Tal vez la faceta más interesante de una de las novelas más leídas y premiadas de los últimos meses, Hamnet, de Maggie O’Farrell —una ficción que reconstruye la muerte del hijo de William Shakespeare y su esposa—, sea precisamente la que imagina la extraordinaria conexión que la protagonista mantiene con el bosque o con su huerto. Las descripciones sensoriales de esos espacios son memorables. Es sorprendente que, en una novela sobre el origen de Hamlet, llame menos la atención el teatro que la botánica.

En muchos otros proyectos actuales también se están recuperando sensaciones, mundos, relatos, fragmentos de la genealogía arbórea de quienes mantuvieron relaciones afectivas con miembros del reino animal y vegetal.

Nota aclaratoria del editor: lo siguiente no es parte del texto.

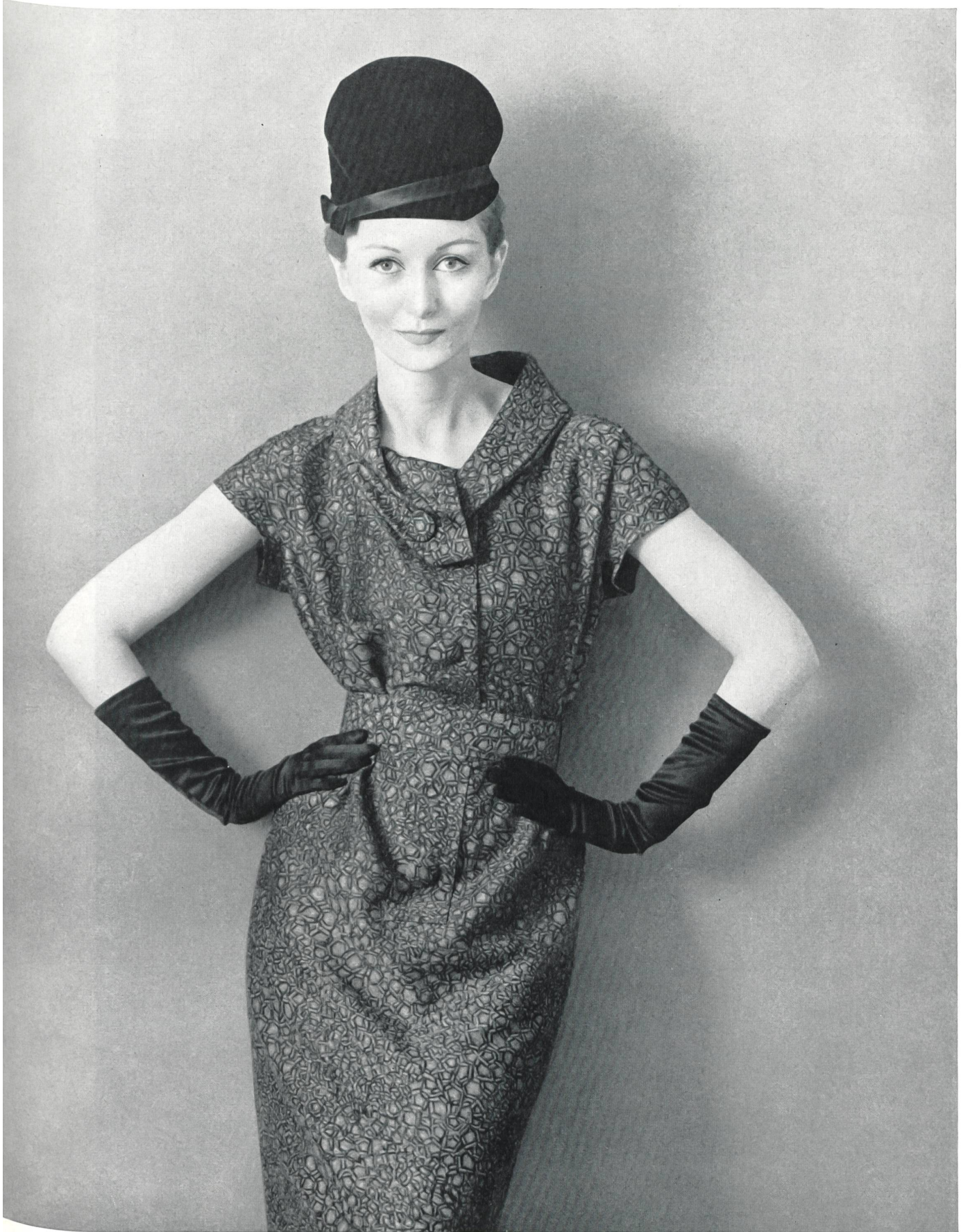
PIERRE CARDIN Soielaine « Miranda » de Reichenbach & Co., Saint-Gall Distribué par Montex, Paris

El propio Blanco Calderón encuentra en la historia de Venezuela y en la literatura universal los referentes que explican el amor de su protagonista por Iros. En Simpatía se habla extensamente tanto de la relación de Simón Bolívar con su perro Nevado, como de las relaciones con no humanos de la escritora británica de finales del siglo XIX y principios del XX Elizabeth von Arnim, autora de un libro sobre el mundo vegetal y de otro sobre el canino: Elizabeth y su jardín alemán y Todos los perros de mi vida.

La narradora de El amigo, de Sigrid Nunez, también busca una tradición literaria para entender mejor su dependencia emocional del perro que ha heredado de un amigo muerto. Y en El hombre que salvó a los cerezos, Naoko Abe no solo cuenta la vida de Collingwood Ingram, un botánico inglés que coleccionó todo tipo de cerezos e impulsó hace un siglo la recuperación del Taihaku o “gran blanco” en Japón. También cartografía la red de amigos de los cerezos que durante siglos los han estudiado, dibujado y cuidado, para que periódicamente estallen en flor.